▶ [TASK BRIEF]: The reply must contain exactly the lines below from the one with "木曜日に武者小路千家の芳野敬" down to the one with "1. Peserta lelang wajib cek unit & dokumen", both included, and nothing more; please omit the pictures.

▶ [SUPPLIED MATERIAL]:

------------

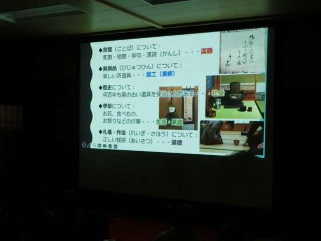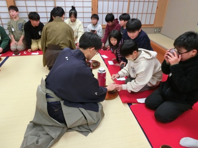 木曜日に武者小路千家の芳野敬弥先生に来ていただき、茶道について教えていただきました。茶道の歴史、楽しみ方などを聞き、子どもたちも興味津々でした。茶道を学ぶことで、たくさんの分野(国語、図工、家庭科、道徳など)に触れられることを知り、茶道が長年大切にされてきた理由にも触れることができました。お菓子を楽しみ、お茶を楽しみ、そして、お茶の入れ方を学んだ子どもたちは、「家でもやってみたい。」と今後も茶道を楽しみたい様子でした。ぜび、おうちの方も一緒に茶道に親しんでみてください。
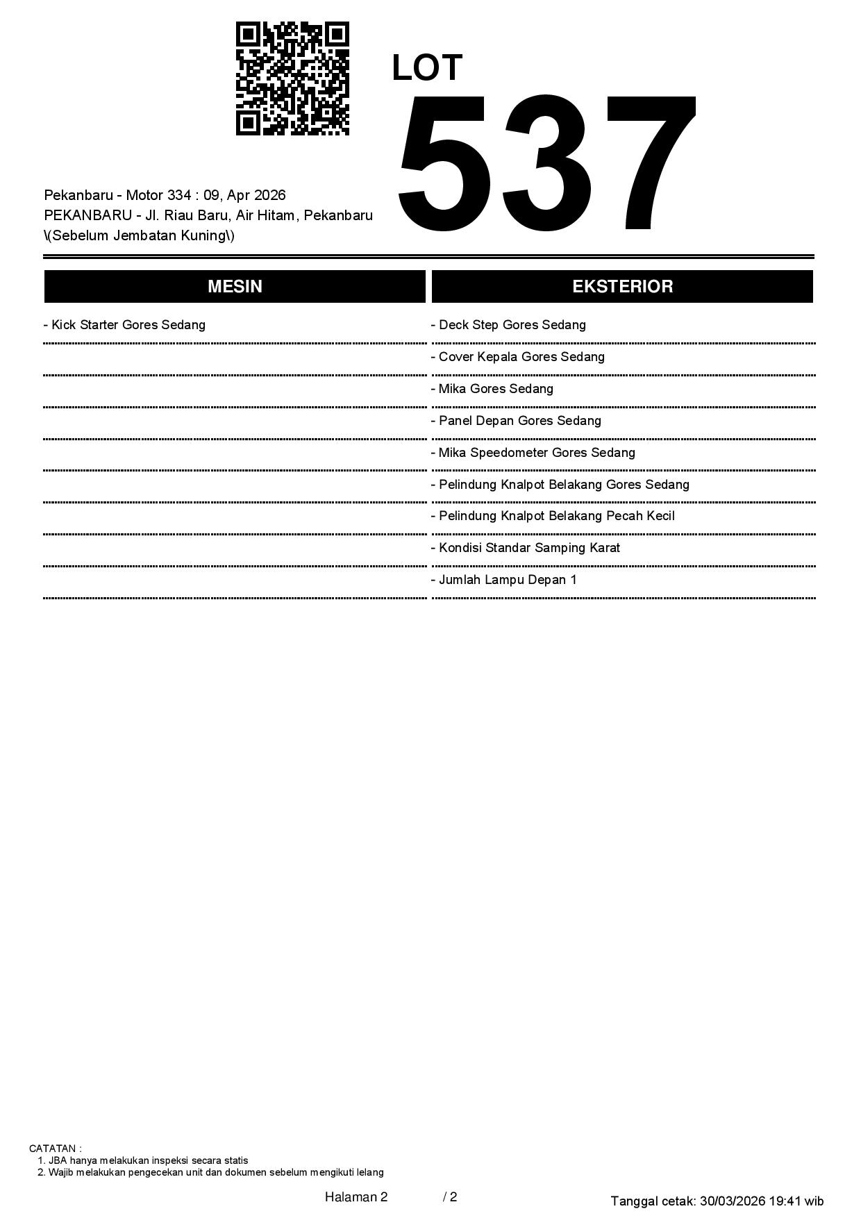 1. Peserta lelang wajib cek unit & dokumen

------------

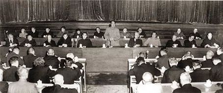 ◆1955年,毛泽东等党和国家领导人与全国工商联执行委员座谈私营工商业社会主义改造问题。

------------

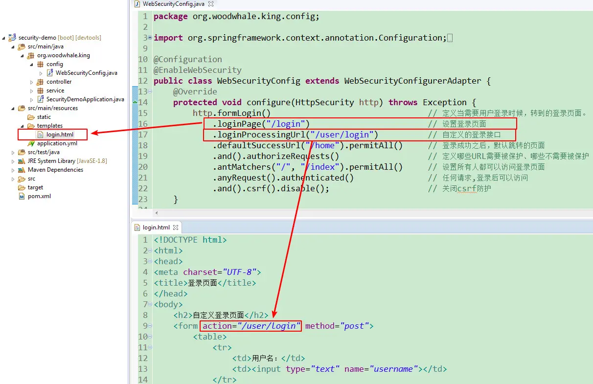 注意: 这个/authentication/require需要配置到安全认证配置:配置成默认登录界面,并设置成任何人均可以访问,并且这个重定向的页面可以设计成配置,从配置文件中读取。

------------

▶ [RESPONSE FOR THIS EXERCISE]:
 木曜日に武者小路千家の芳野敬弥先生に来ていただき、茶道について教えていただきました。茶道の歴史、楽しみ方などを聞き、子どもたちも興味津々でした。茶道を学ぶことで、たくさんの分野(国語、図工、家庭科、道徳など)に触れられることを知り、茶道が長年大切にされてきた理由にも触れることができました。お菓子を楽しみ、お茶を楽しみ、そして、お茶の入れ方を学んだ子どもたちは、「家でもやってみたい。」と今後も茶道を楽しみたい様子でした。ぜび、おうちの方も一緒に茶道に親しんでみてください。
 1. Peserta lelang wajib cek unit & dokumen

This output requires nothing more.